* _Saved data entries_
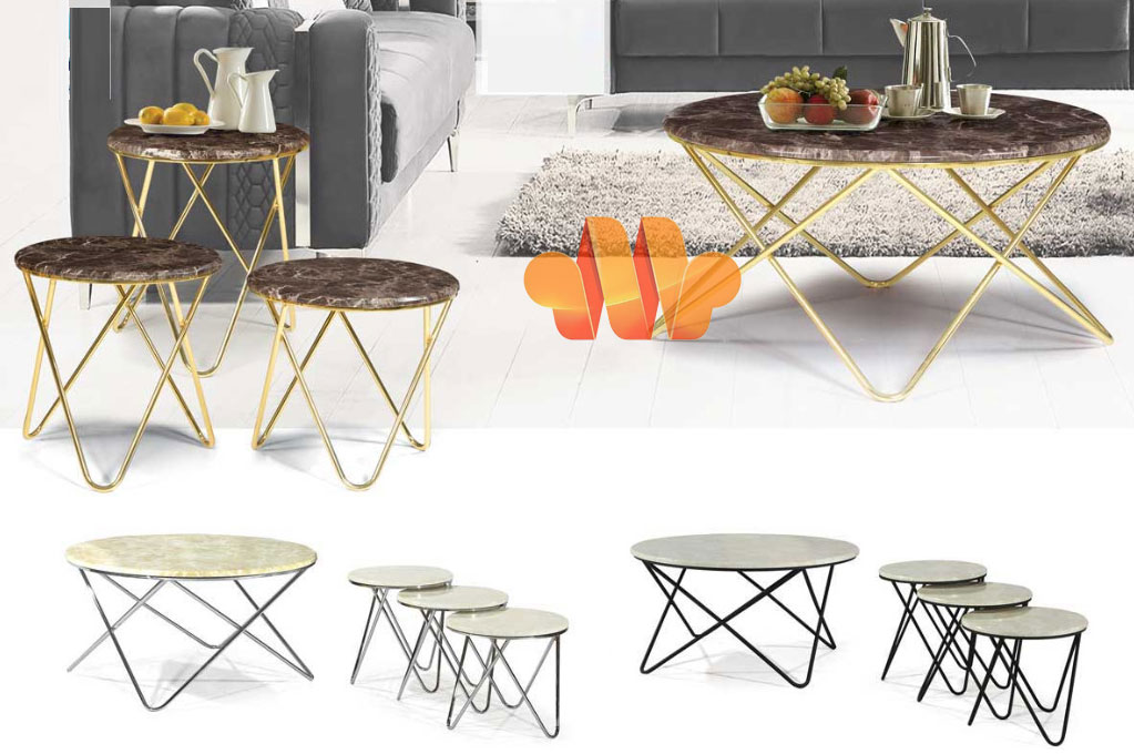 جلو مبلی و سه عدد عسلی از جنس فلز بارنگ طلایی آبکاری شده و صفحه رویی از جنس وکیوم با طرح سنگ این سرویس زیبا به صورت تکی فروخته نمی شود
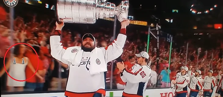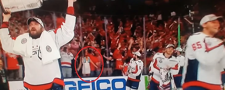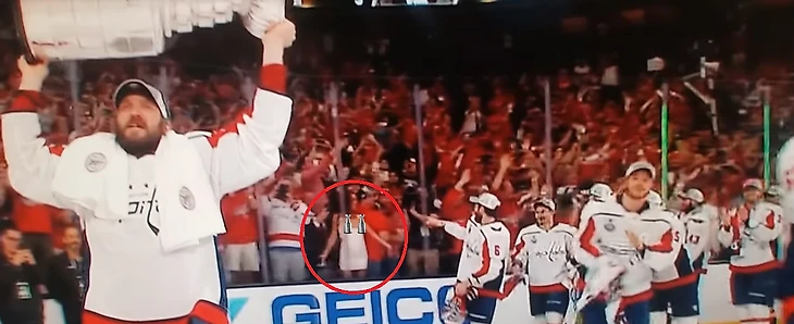 Во время проката с кубком одна из фанаток оголила грудь. Радовалась за себя, за Сашку и за «Кэпиталс». Эпичное выражение лица Александра на фоне обнаженной женской груди. Что может быть лучше?
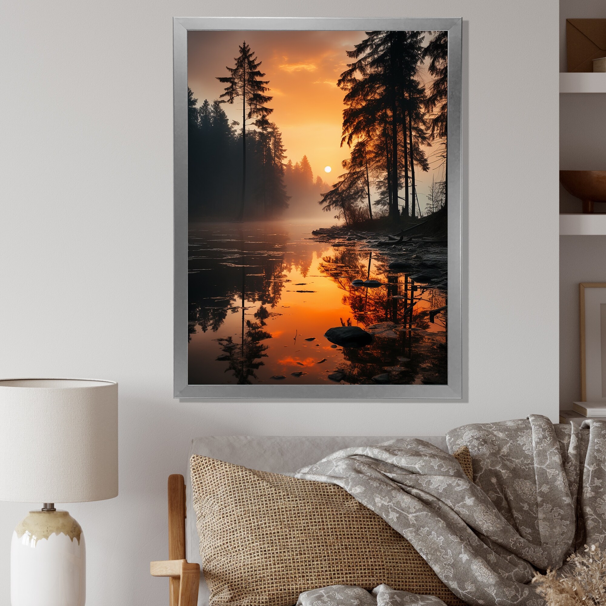 Designart "Orange Lake Misty Morning Reflections I" Lake House Cottage Framed Wall Decor
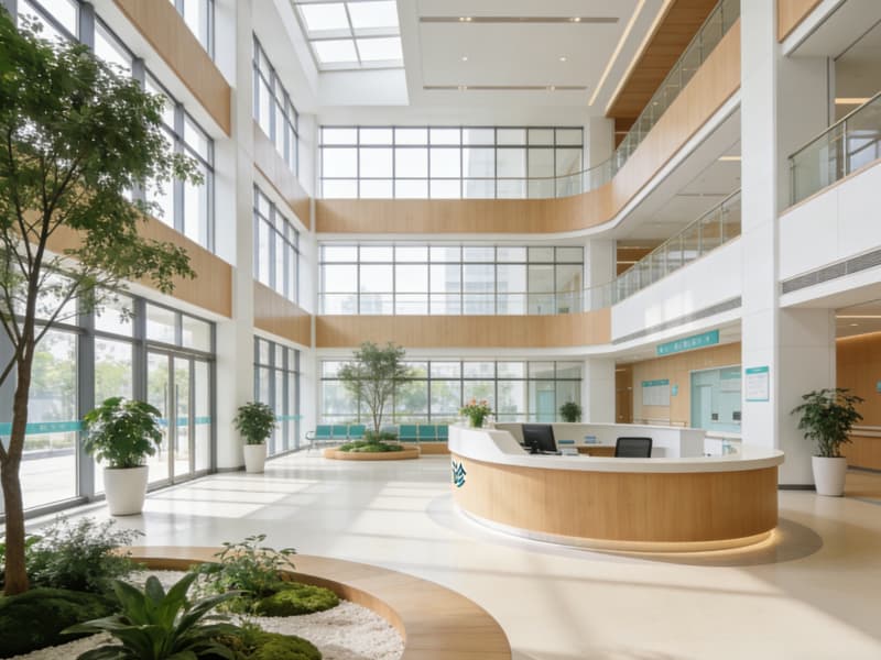 本設(shè)計(jì)以“療愈共生”為核心理念,為合肥這座綜合醫(yī)院構(gòu)建兼具功能性與溫度的空間。外觀采用柔和的曲線與淺米色石材,搭配錯(cuò)落的玻璃開(kāi)窗,打破傳統(tǒng)醫(yī)療建筑的刻板印象,墻面局部嵌入垂直綠植帶,讓自然氣息從建筑表皮便開(kāi)始滲透。
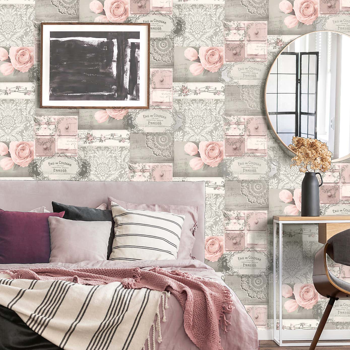 Ophelia Decoupage Blush Wallpaper

* _Activity_
Transcribe the lines that run from the line bearing "Во время проката" through the last line of the data. Keep the wording exact and leave out every picture.

* _Completed exercise_
 Во время проката с кубком одна из фанаток оголила грудь. Радовалась за себя, за Сашку и за «Кэпиталс». Эпичное выражение лица Александра на фоне обнаженной женской груди. Что может быть лучше?
 Designart "Orange Lake Misty Morning Reflections I" Lake House Cottage Framed Wall Decor
 本設(shè)計(jì)以“療愈共生”為核心理念,為合肥這座綜合醫(yī)院構(gòu)建兼具功能性與溫度的空間。外觀采用柔和的曲線與淺米色石材,搭配錯(cuò)落的玻璃開(kāi)窗,打破傳統(tǒng)醫(yī)療建筑的刻板印象,墻面局部嵌入垂直綠植帶,讓自然氣息從建筑表皮便開(kāi)始滲透。
 Ophelia Decoupage Blush Wallpaper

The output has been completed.